§ Record extracts

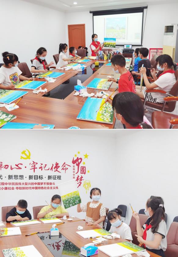 為了豐富轄區(qū)內(nèi)青少年的暑期生活,培養(yǎng)他們的繪畫能力和審美能力,8月30日下午,南京市江寧區(qū)淳化街道民主村新時代文明實踐站聯(lián)合關心下一代工作委員會和校外輔導站、街道社區(qū)教育中心和團支部,組織轄區(qū)內(nèi)青少年開展“七彩夏日 暑期創(chuàng)意水粉畫”主題活動?;顒蝇F(xiàn)場邀請了南京蘇米藝術張梅老師進行專題授課。
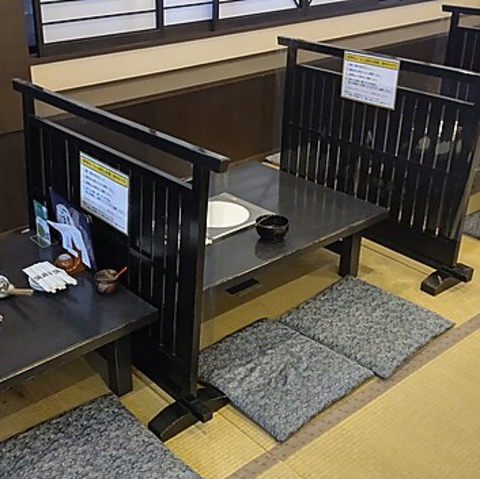 【座敷:4名様×19卓】全席座敷で、隣の席とは仕切りがあります。※お子様ずれのネット予約の際は、“お店へのご要望”にお子様の数を入力していただけましたら幸いです。また、座椅子とお子さまチェアーもご用意できますのでお気軽にお声掛けください。
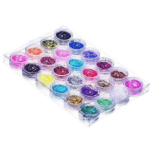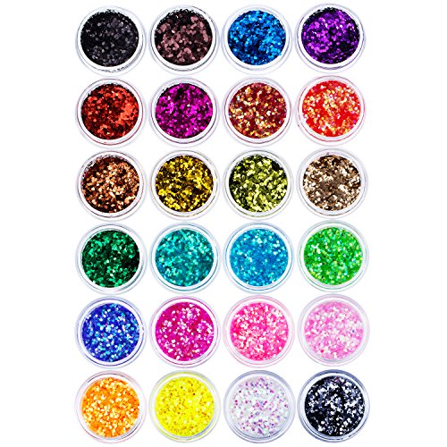 -. Feature : 24 Colors make up glitters kit: 24 small box of glitter powder in 24 different colors, shiny and various colors meet your diverse make-up demands / Nail art tips decoration: 1 mm hexagon small sequins, you can sP.R.Inkle some paillettes on your nails, that will make your nails gorgeous and attractive / Multicolor cosmetic glitter: add shiny sparkle to face, body, and any great night out makeup, can make you look more fashion and charming; Especially fit for party or fashionable look / Every color independently packed in a box: colors packed separately in plastic round clear window boxes which with screw-on lids, easy to see and get what color of glitters you want / Application: good as nail art, face, eye, body and hair cosmetic paillette; Suitable for festival, dancing, art project decoration; Good for personal use in daily life
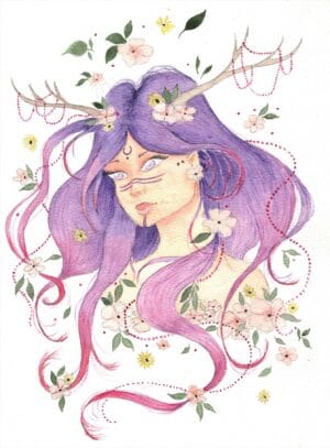 Dans cette aquarelle, j’ai voulu réinterpréter la volvä, pour l’associer au printemps🌷, comme une prophétesse qui réveillerait la nature après la rigueur de l’hiver avec sa magie et ses rituels. Ses longs cheveux pourpres, ornés de fleurs épanouies, évoquent le doux souffle du renouveau qui parcourt champs et forêts. Les bois qui surgissent de sa chevelure en font une créature mi-humaine mi-déesse, puissante et intrigante mais bienveillante. 🌼
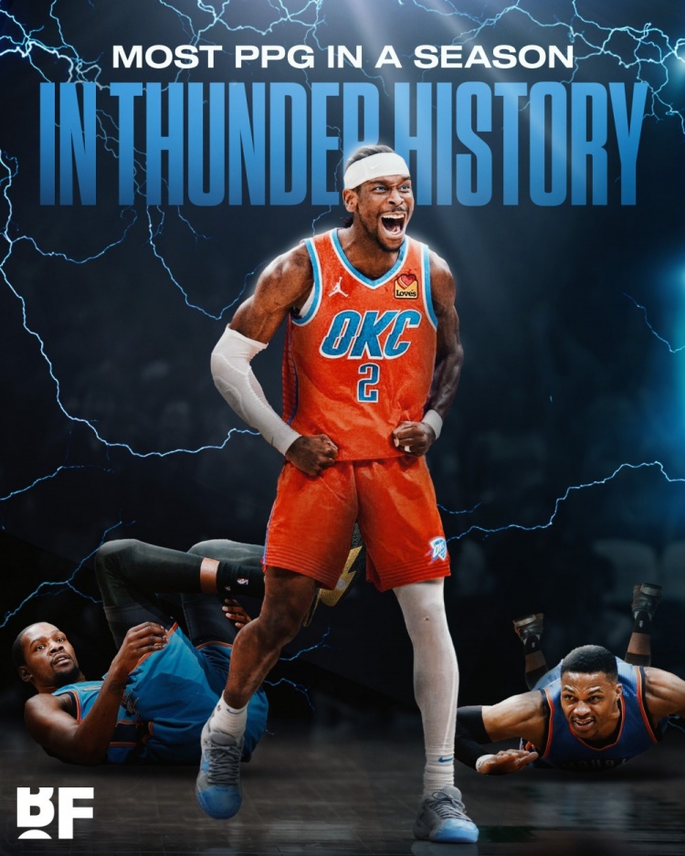 預定MVP?SGA場均得分達到33分 超越MVP賽季的KD威少排隊史第一
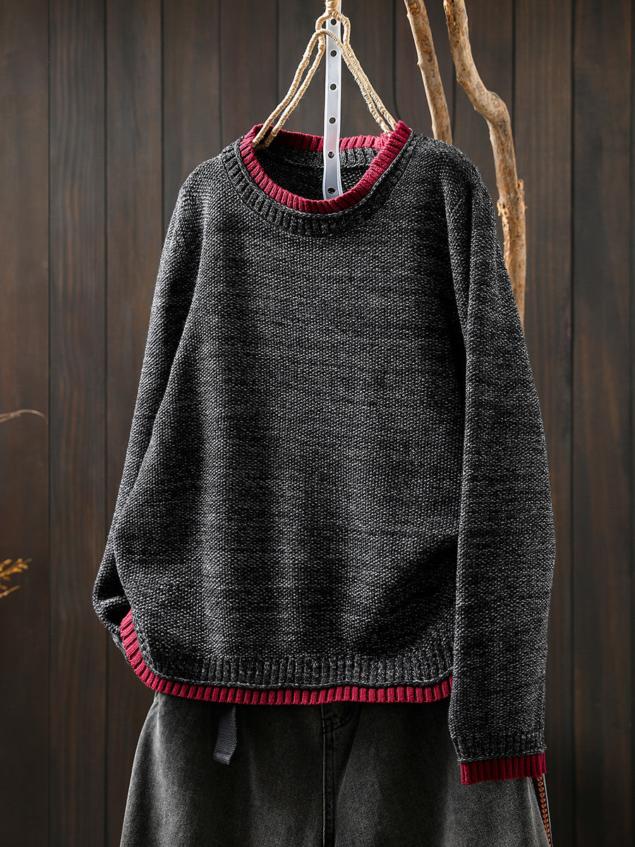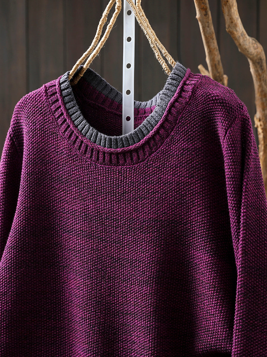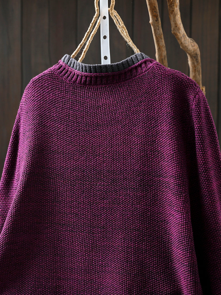 Women Autumn Artsy Colorblock O-Neck Knitted Sweater
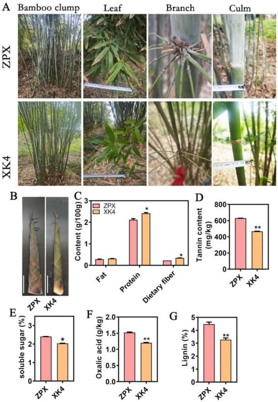 Nutrient composition analysis of ZPX and XK4 D. farinosus bamboo shoots. (A) Representative photographs of tissues of ZPX and XK4 bamboo species, including bamboo clump, leaf, branch, and culm. (B) Phenotypes of ZPX and XK4 bamboo shoots. The scale bar indicates 10 cm. (C) Determination of fat, protein, and dietary fiber content in two bamboo shoots. (D) Determination of tannin in two bamboo shoots. (E) Determination of soluble sugar content in two bamboo shoots. (F) Determination of oxalic acid content in two bamboo shoots. (G) Determination of lignin content in ZPX and XK4 bamboo shoots. Error bars indicate the standard deviation obtained from three biological replicates. Asterisks indicate significant differences obtained using t-tests, * p < 0.05, ** p < 0.01.
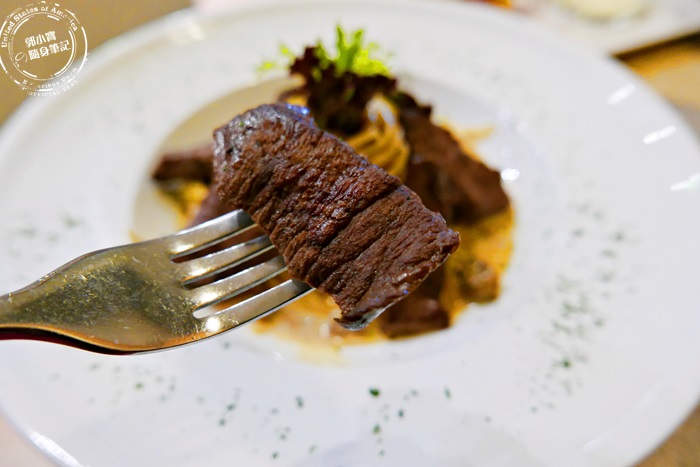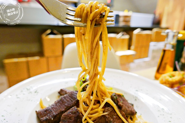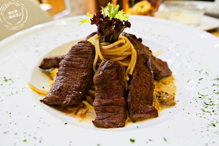 | 這牛小排義大利麵沒有太多的醬汁,但是味道很夠,而且煮的軟硬度適中,Q彈有嚼勁,每每咀嚼都能感受到濃濃的香氣,有菌菇跟微微的奶香,味道還不錯,單吃麵就好吃,在加上牛小排,簡直好吃到要升天啦! |
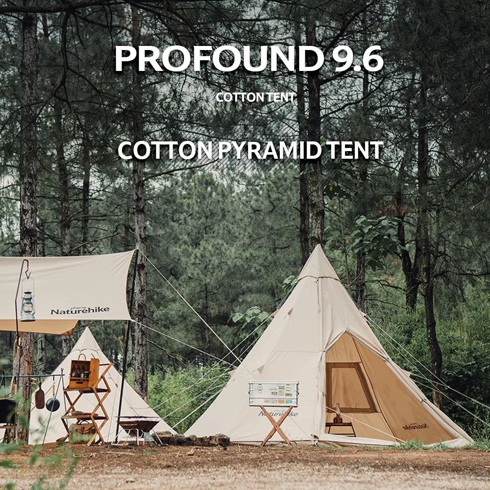 Naturehike PROFOUND Series 9.6 Cotton Pyramid Bell Camping Glamping Tent 9.3m² Large Family Group Waterproof Outdoor for 5 to 8 Person Tipi Tepee
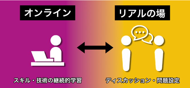 イノベーティブ人材の育成においては、技術やデザインは手段にすぎず、”価値のある問題”の設定ができることが重要であり、オンラインでの継続的なスキル学習とともに、ディスカッションを通じた多様な価値観の共有の場が非常に有効であると考えています
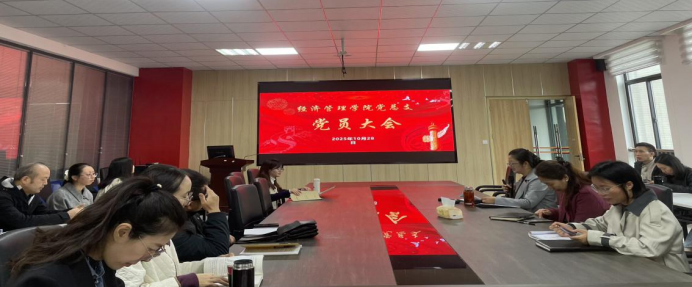 2025年10月28日,经济管理学院党总支在财经楼205会议室召开深入贯彻中央八项规定精神学习教育总结大会暨党的二十届四中全会精神宣讲会,会议由经济管理学院党总支书记郭卿主持,经济管理学院党总支全体同志参加了会议。
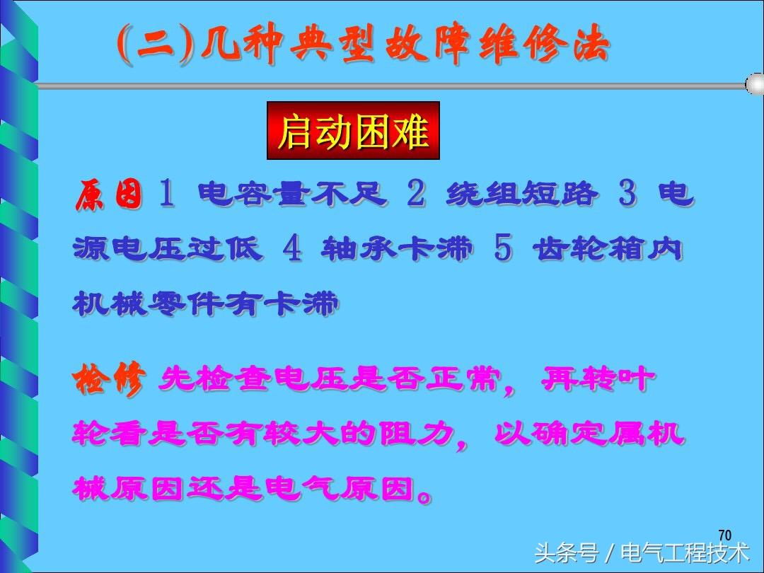电风扇是大家都非常熟悉的电器,大部分的家庭都会使用到,对于电风扇的电路,相对比较简单,一般情况下,电风扇出问题故障了,一般的电工师傅都可以搞定,这是电工基础的技能,但是对于刚入门学习电工的师傅就不同了,虽然简单,但是因为没有相应的理论知识和动手实践经验,所以在电路故障的排查过程中自然也会比较慢,其实电工师傅们都知道,电风扇本身的故障就没那么多,高频发的故障也就那么几个,如果有电工师傅总结好了,就可以直接拿来维修使用了,今天我们就重点来看一下电工师傅总结好的25个电风扇常见的故障排查以及解决方法,希望可以对于电工初学者有帮助:
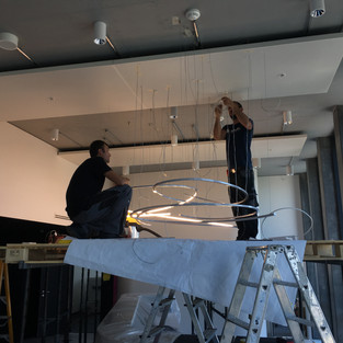 Il s'agit d'une composition lumineuse profil suspendu avec éclairage double latéral. L'installation comprend un cintrage des profilés de plusieurs types.
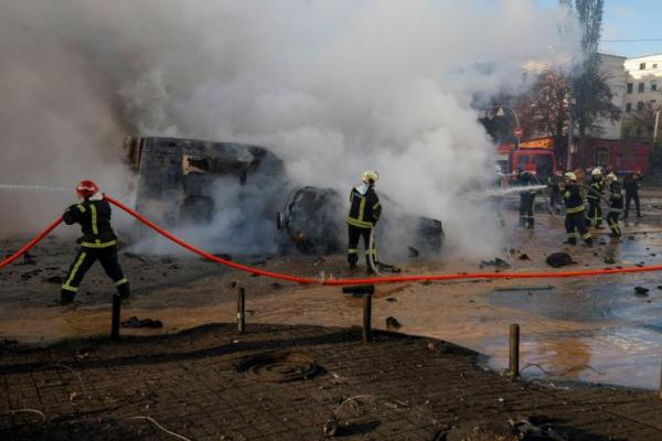 Petugas pemadam kebakaran bekerja memadamkan api di lokasi serangan rudal Rusia, di Kyiv, Ukraina 10 Oktober 2022. Foto: Reuters
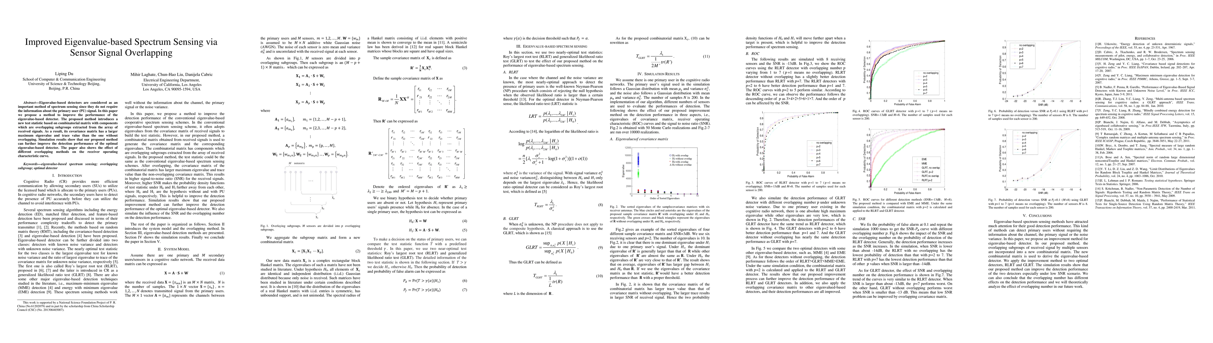 This paper proposes an improved eigenvalue-based spectrum sensing method using overlapping subgroups from received signals to enhance the test statistic. The new method results in a covariance matrix with a larger maximum eigenvalue and trace value, thereby improving detection performance.
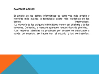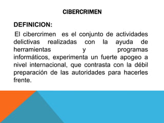 El cibercrimen involucra actividades delictivas realizadas con herramientas informáticas como phishing y troyanos, que causan pérdidas a través de acceso no autorizado a cuentas. El phishing y el spam se usan para robar identidades y datos personales o promover productos de manera masiva. Los delitos informáticos afectan datos e información mientras que los delitos computacionales interrumpen operaciones de computadoras.
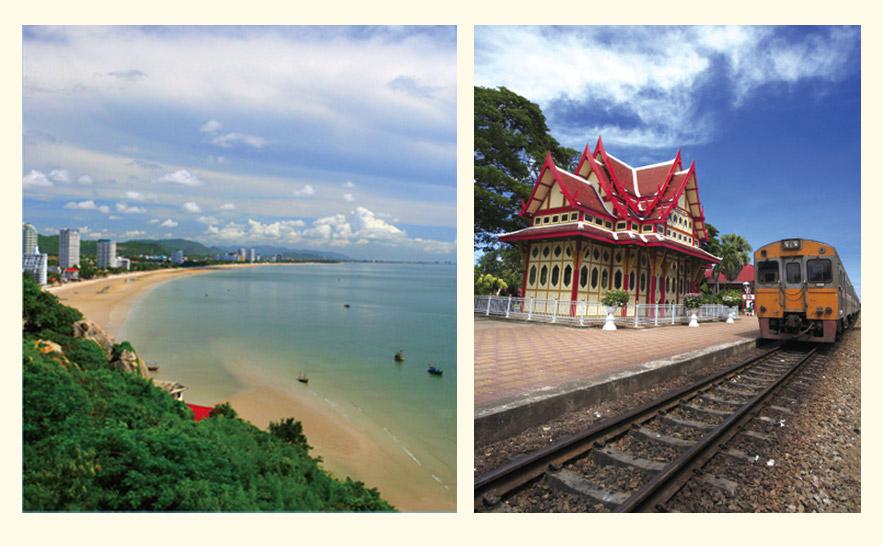 華欣位于曼谷南部281公里,到華欣可以坐汽車、火車甚至坐飛機(jī)去,不過最吸引人的應(yīng)該是坐火車去,因為那里的火車站是全泰國最古老、最有名、最漂亮的火車站?;疖囌窘ㄓ诶斄罆r期,擁有獨一無二的泰式建筑風(fēng)格的皇室人員候車室。候車室是在拉瑪六世時從Nakhon Pathom府的Sanam Chan宮搬過來的,當(dāng)年拉瑪六世就是在這里候車離開華欣回曼谷的。
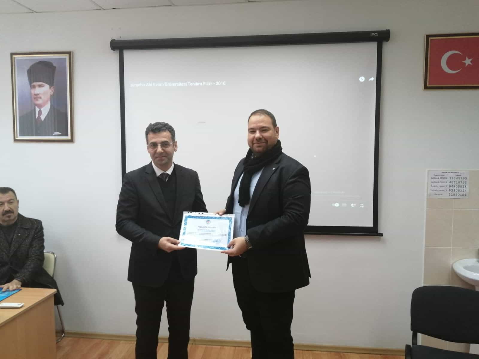 Ziyaret esnasında, Dış İlişkilerden Sorumlu Rektör Yardımcısı Prof. Dr. Ahmet GÖKBEL, “Türk Dünyasında Ahilik Teşkilatı” konulu konferansta Gagauzların bu konuyla olan bağlantısına değindi. Dış İlişkiler Koordinatörü Doç. Dr. Erman AKILLI ise “Türkiye’de Uluslararası Eğitim ve Erasmus + Projeleri” konulu bir konferans vererek öğrenciler ve öğretim elemanlarımızın Türkiye-Kırşehir Ahi Evran Üniversitesindeki Erasmus+ Programına katılabilme olanaklarından bahsetti.
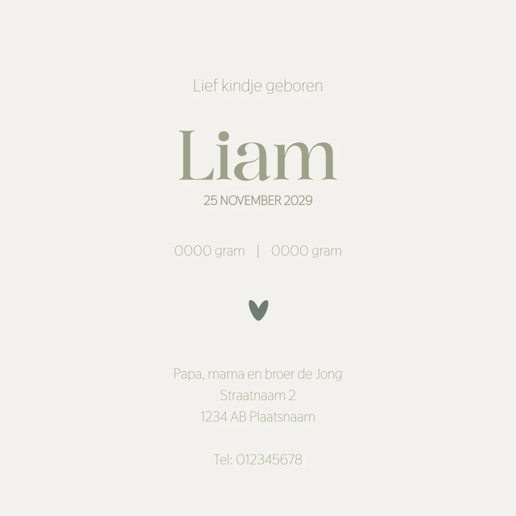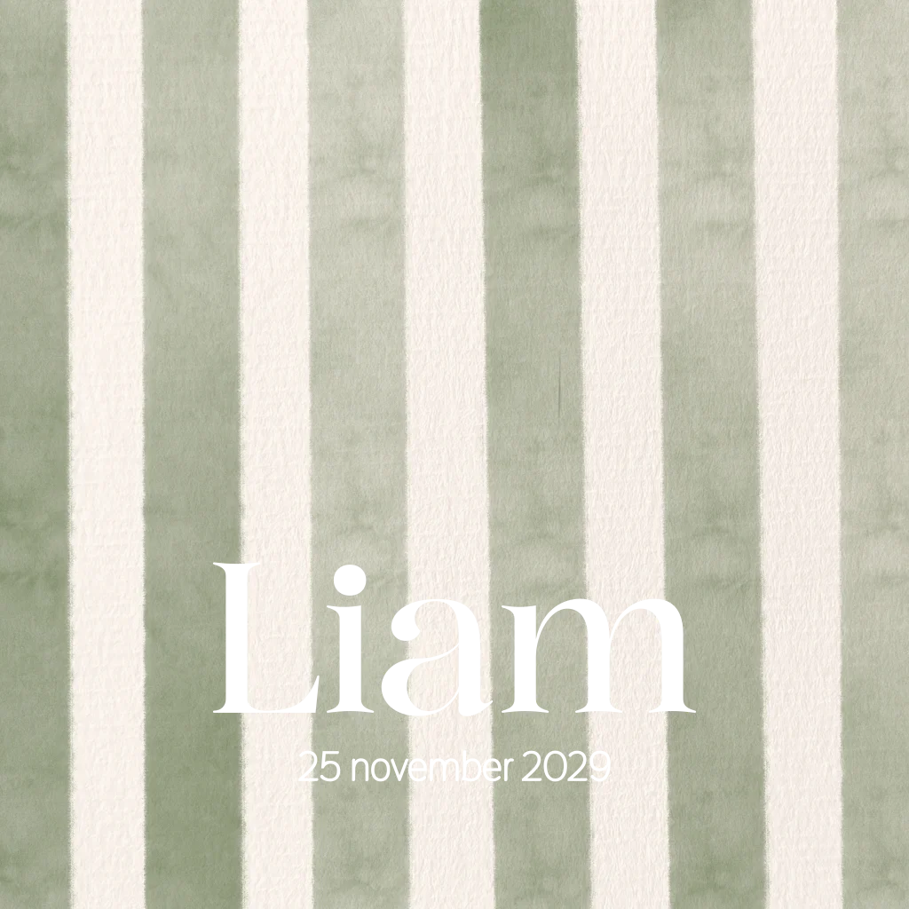 Een stijlvol en tijdloos geboortekaartje met een minimalistisch design. De zachte crèmekleurige achtergrond wordt speels verrijkt met olijfgroene waterverfstrepen, wat het kaartje een natuurlijke en verfijnde uitstraling geeft. De subtiele geschilderde papierstructuur-look voegt een ambachtelijke touch toe, waardoor het ontwerp warmte en karakter uitstraalt.
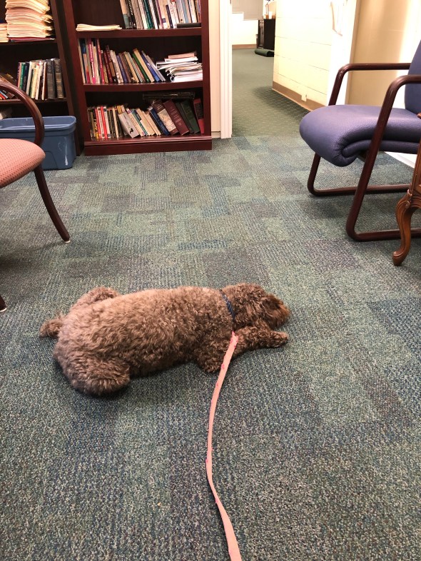 Today a bible study was going on in the parlor and Shay decided to join them for a while. Saundra Atkins was particularly happy to have her there. Shay roams the main floor of the mission center going from meeting to meeting spreading joy. Thank goodness Westminster is a dog friendly church since Shay is going about without me as I am in a meeting.
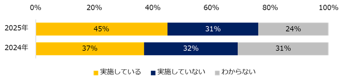 職場のハラスメント対策は45%が「実施している」と回答。2024年の同調査と比較して8ポイント上昇した一方、依然として約3社に1社は「実施していない」という実態が明らかになった。

§ Task instructions
Going by the data above, give back only the lines from the one containing "Naturehike PROFOUND Series" through the one containing "2025年10月28日,经济", exactly as they stand, both ends included and no images.

§ Result of the exercise
 Naturehike PROFOUND Series 9.6 Cotton Pyramid Bell Camping Glamping Tent 9.3m² Large Family Group Waterproof Outdoor for 5 to 8 Person Tipi Tepee
 イノベーティブ人材の育成においては、技術やデザインは手段にすぎず、”価値のある問題”の設定ができることが重要であり、オンラインでの継続的なスキル学習とともに、ディスカッションを通じた多様な価値観の共有の場が非常に有効であると考えています
 2025年10月28日,经济管理学院党总支在财经楼205会议室召开深入贯彻中央八项规定精神学习教育总结大会暨党的二十届四中全会精神宣讲会,会议由经济管理学院党总支书记郭卿主持,经济管理学院党总支全体同志参加了会议。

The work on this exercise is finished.